___ Records supplied ___

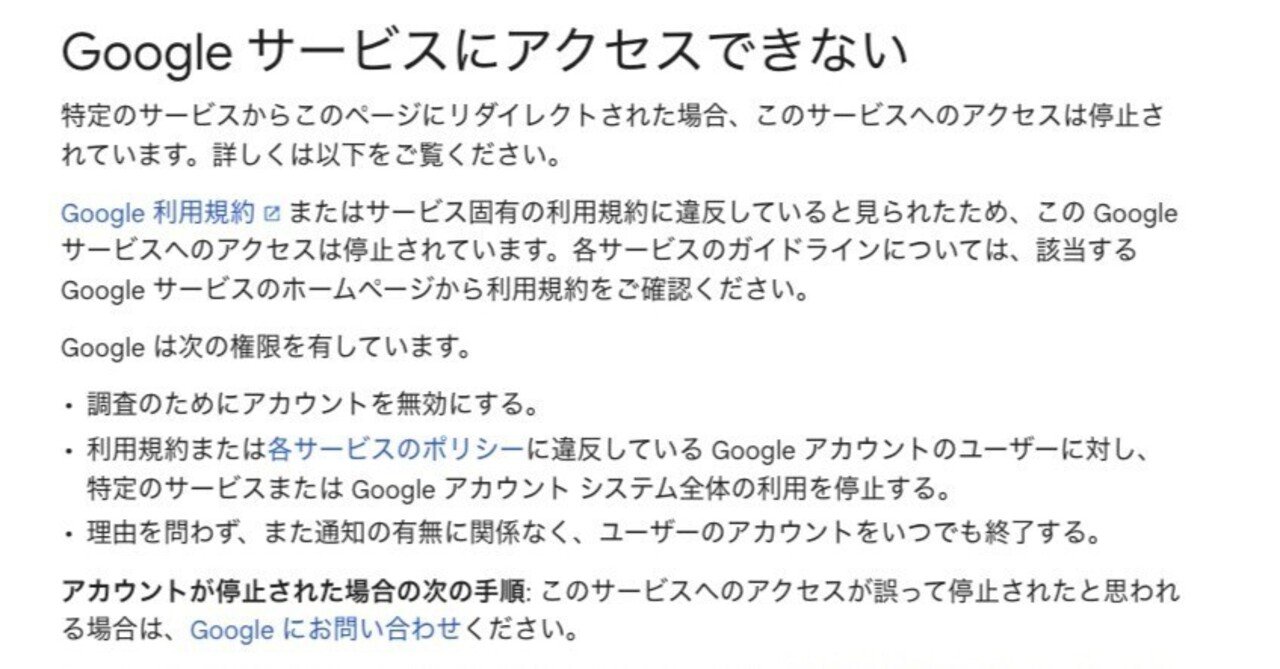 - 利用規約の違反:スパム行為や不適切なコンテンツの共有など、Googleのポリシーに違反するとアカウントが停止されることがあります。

___
___ Records supplied ___

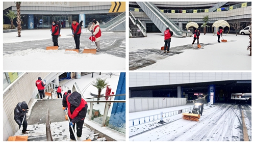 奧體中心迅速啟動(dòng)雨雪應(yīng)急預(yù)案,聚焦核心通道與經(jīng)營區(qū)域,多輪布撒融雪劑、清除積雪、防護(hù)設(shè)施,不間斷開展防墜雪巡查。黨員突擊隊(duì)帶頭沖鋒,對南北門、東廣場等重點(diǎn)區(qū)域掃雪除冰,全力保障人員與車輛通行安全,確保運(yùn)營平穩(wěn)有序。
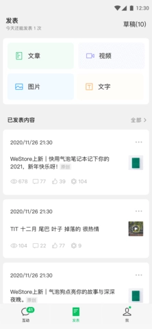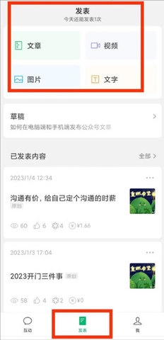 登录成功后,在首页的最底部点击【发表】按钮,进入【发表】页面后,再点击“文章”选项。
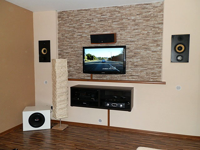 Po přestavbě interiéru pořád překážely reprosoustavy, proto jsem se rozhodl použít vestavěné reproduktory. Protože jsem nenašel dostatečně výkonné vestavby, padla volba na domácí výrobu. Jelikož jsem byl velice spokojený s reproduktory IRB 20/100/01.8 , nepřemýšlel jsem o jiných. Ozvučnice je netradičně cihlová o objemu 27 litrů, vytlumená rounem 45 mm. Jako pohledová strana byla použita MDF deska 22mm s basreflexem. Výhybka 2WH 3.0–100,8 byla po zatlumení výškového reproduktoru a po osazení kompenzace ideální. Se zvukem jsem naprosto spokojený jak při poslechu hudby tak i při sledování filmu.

___

▶ Problem description: In the listing above, find the line containing "奧體中心迅速啟動(dòng)" and the line containing "Po přestavbě interiéru", then output those two lines and everything between them exactly as written, without the images.

▶ Written answer:
 奧體中心迅速啟動(dòng)雨雪應(yīng)急預(yù)案,聚焦核心通道與經(jīng)營區(qū)域,多輪布撒融雪劑、清除積雪、防護(hù)設(shè)施,不間斷開展防墜雪巡查。黨員突擊隊(duì)帶頭沖鋒,對南北門、東廣場等重點(diǎn)區(qū)域掃雪除冰,全力保障人員與車輛通行安全,確保運(yùn)營平穩(wěn)有序。
 登录成功后,在首页的最底部点击【发表】按钮,进入【发表】页面后,再点击“文章”选项。
 Po přestavbě interiéru pořád překážely reprosoustavy, proto jsem se rozhodl použít vestavěné reproduktory. Protože jsem nenašel dostatečně výkonné vestavby, padla volba na domácí výrobu. Jelikož jsem byl velice spokojený s reproduktory IRB 20/100/01.8 , nepřemýšlel jsem o jiných. Ozvučnice je netradičně cihlová o objemu 27 litrů, vytlumená rounem 45 mm. Jako pohledová strana byla použita MDF deska 22mm s basreflexem. Výhybka 2WH 3.0–100,8 byla po zatlumení výškového reproduktoru a po osazení kompenzace ideální. Se zvukem jsem naprosto spokojený jak při poslechu hudby tak i při sledování filmu.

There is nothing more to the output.